If a master is considered to be oDown and the majority of sentinels allow a master/slave switchover, then a master/slave switchover is performed by a majority of sentinels. The election takes into account the following conditions: (1) The disconnection duration between the slave and the master, (2) the priority of the slave, (3) the offset of the slave data, (4) the RUN ID of the slave

First, if a slave is unconnected to the master by more than 10 times the down-after-millisecondes and the master’s age then it is not considered fit to be elected master. (down-after-milliseconds * 10 + milliseconds_since_master_is_in_SDOWN_state).

The remaining slaves are sorted as follows: (1) First, they are sorted according to their priorities. The lower the slave priority is, the higher the priority is. ② If the priorities are the same, look at replica offset. The more data that slave copies, the farther the offset is, the higher the priority is. (3) Select the slave with the smallest RUN ID.

5. Quorum and majority

Each time a sentinel switches over, the quorum sentinels must first consider the switch oDown and then elect a sentinel authorized by the majority to perform the switch.

If quorum is < majority, such as five sentinels, majority is three (more than half), and quorum is set to two, then three sentinels are required to perform the switch.

If quorum >= majority, the switch can only take place if all the sentinels of the quorum are authorized. For example, if quorum is 5, all the sentinels must agree on authorization.

6.configuration epoch

Sentry monitors a set of Redis master+ Slave and has the corresponding monitoring configuration.

The sentry performing the switch gets a Configuration epoch from the new master (Salve -> Master) to which it is switching. This is a version number that must be unique for each switch.

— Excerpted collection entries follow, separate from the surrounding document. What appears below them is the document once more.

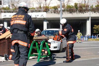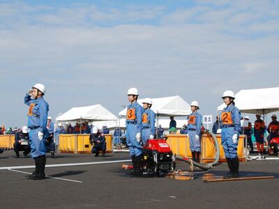 内容:横浜市内各消防団本部の消防団員が、平素鍛えた消防操法技術の成果を発表するものです。
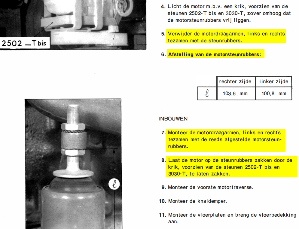 6. Afstelling van de motorsteunrubbers:
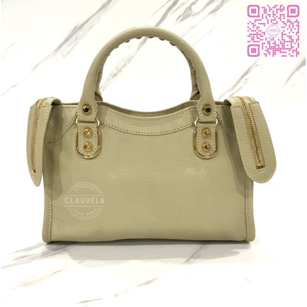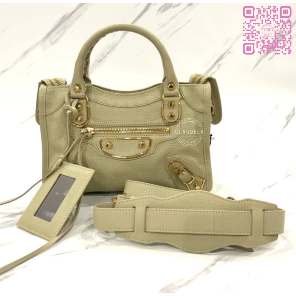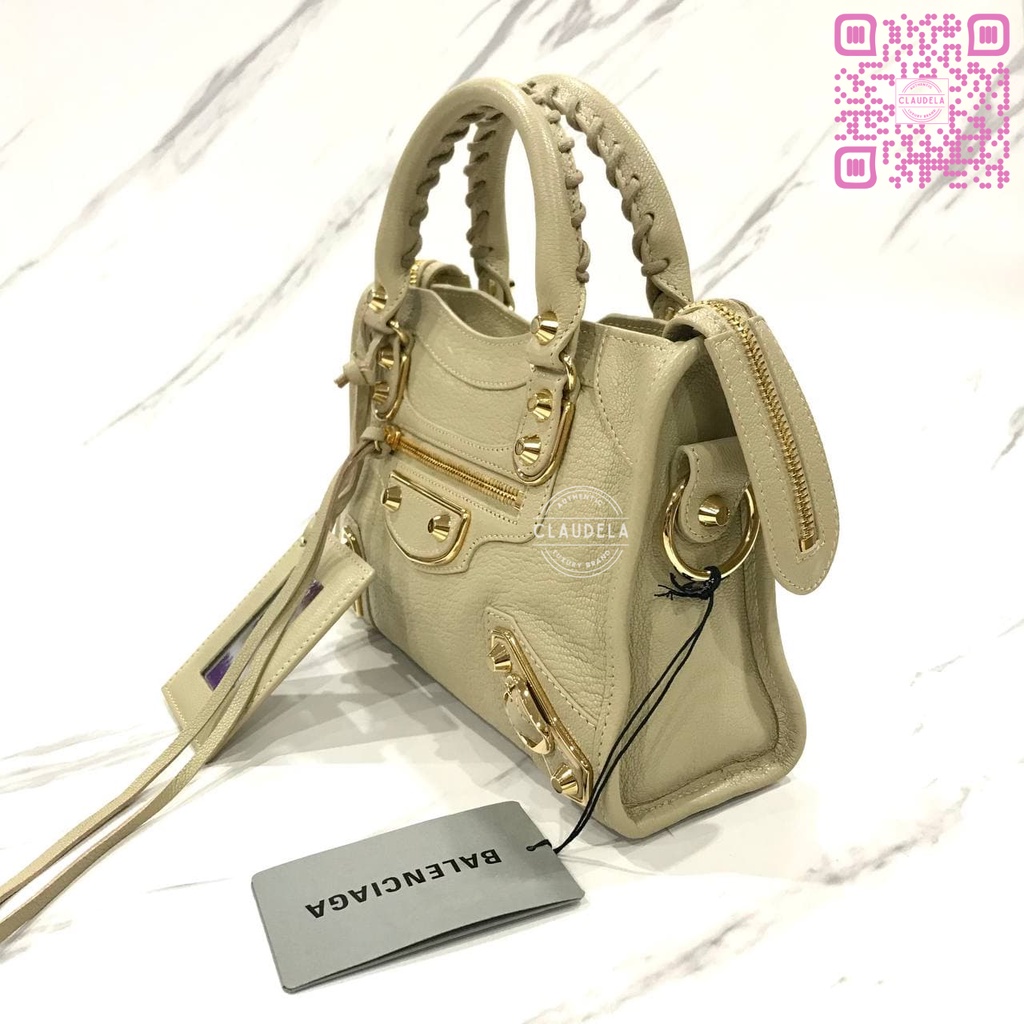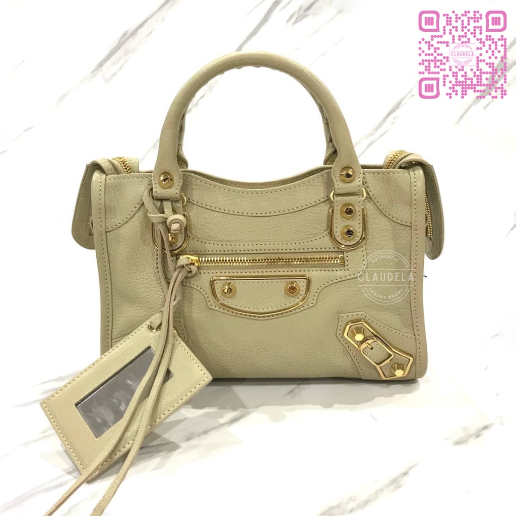 BALENCIAGA Metallic Edge Mini City in Limestone with Gold Hardware (GHW)
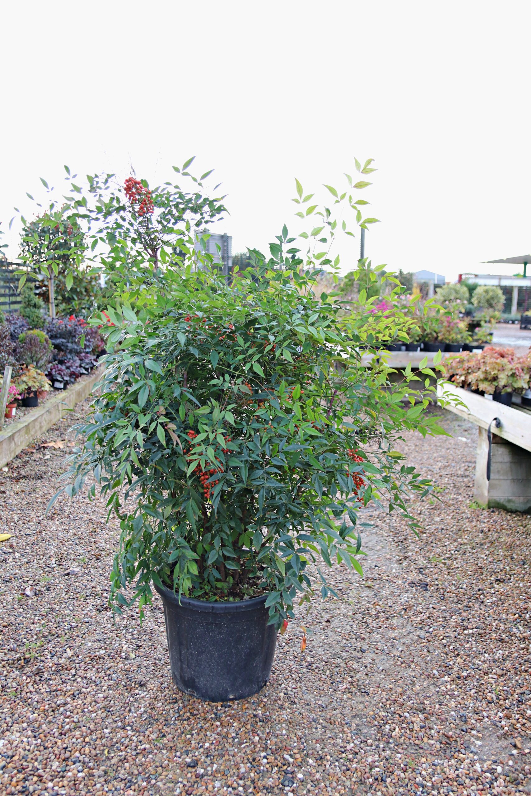 Sacred bamboo – Heavenly bamboo: a medium sized, elegant, upright, evergreen shrub with a bamboo-like habit, up to around 2m high.   The large compound green leaves and lanceolate leaflets are tinged purplish red in spring and autumn.   Small white flowers are borne in long terminal panicles in summer, followed by red or sometimes yellow or white berries.   Plant in moist well drained acid, alkaline or neutral soil in full sun.   Hardiness rating H5.
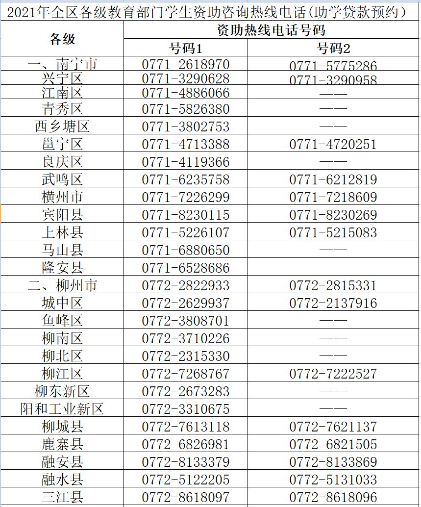 3.拨打自治区高校学生资助热线0771-5815566、5815296咨询(7月1日至9月30日的工作日开通);
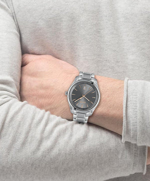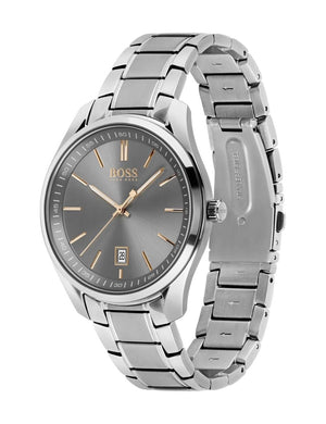 Hugo Boss Gents 1513849 CIRCUIT stainless steel matt and polish case and bracelet with grey dial with rose gold markers watch .Swiss quartz movement, hardened mineral cystal glass, push button deployment clasp. Case size 42mm. Water resistance upto 30 meters.
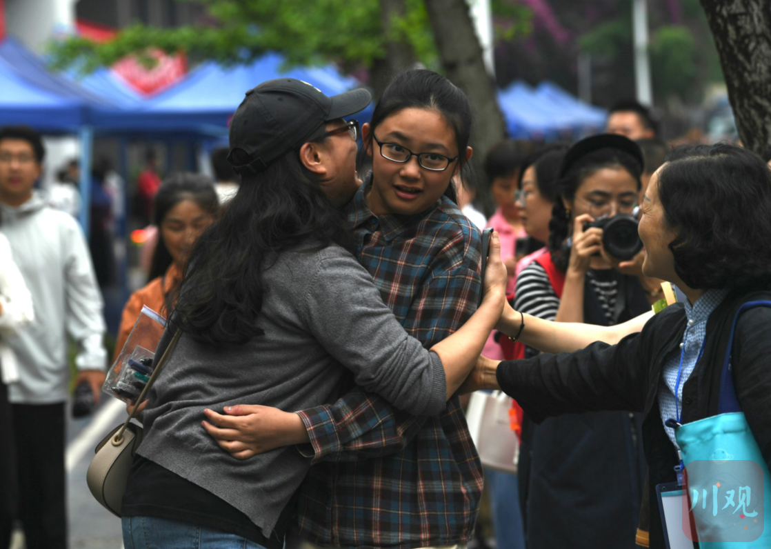 “来,再跟老师拥抱一下,别紧张,开始答题就好了,加油!”6月7日早上8点多,在川师附中高中部考点,随着各学校送考大巴的驶入,老师再次清点人数,目送考生们走进考场。
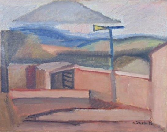 ALDO BONADEI, Litoral Paulista, OSM, ACID, 25 x 35cm (m.i). Datado 1954

If the first elected sentry fails to switch, the other sentries will wait for fail-timeout and then continue to switch. At this time, a new Configuration epoch will be obtained as the new version.

Configuraiton propagation

After the switch is complete, the sentry updates the master configuration locally and synchronizes it to the other sentries via pub/ SUB messaging.

The previous version number is important here because messages are published and listened to through a channel, so when a sentinel makes a new switch, the new master configuration follows the new version number.

The other sentinels update their master configuration based on the size of the version number.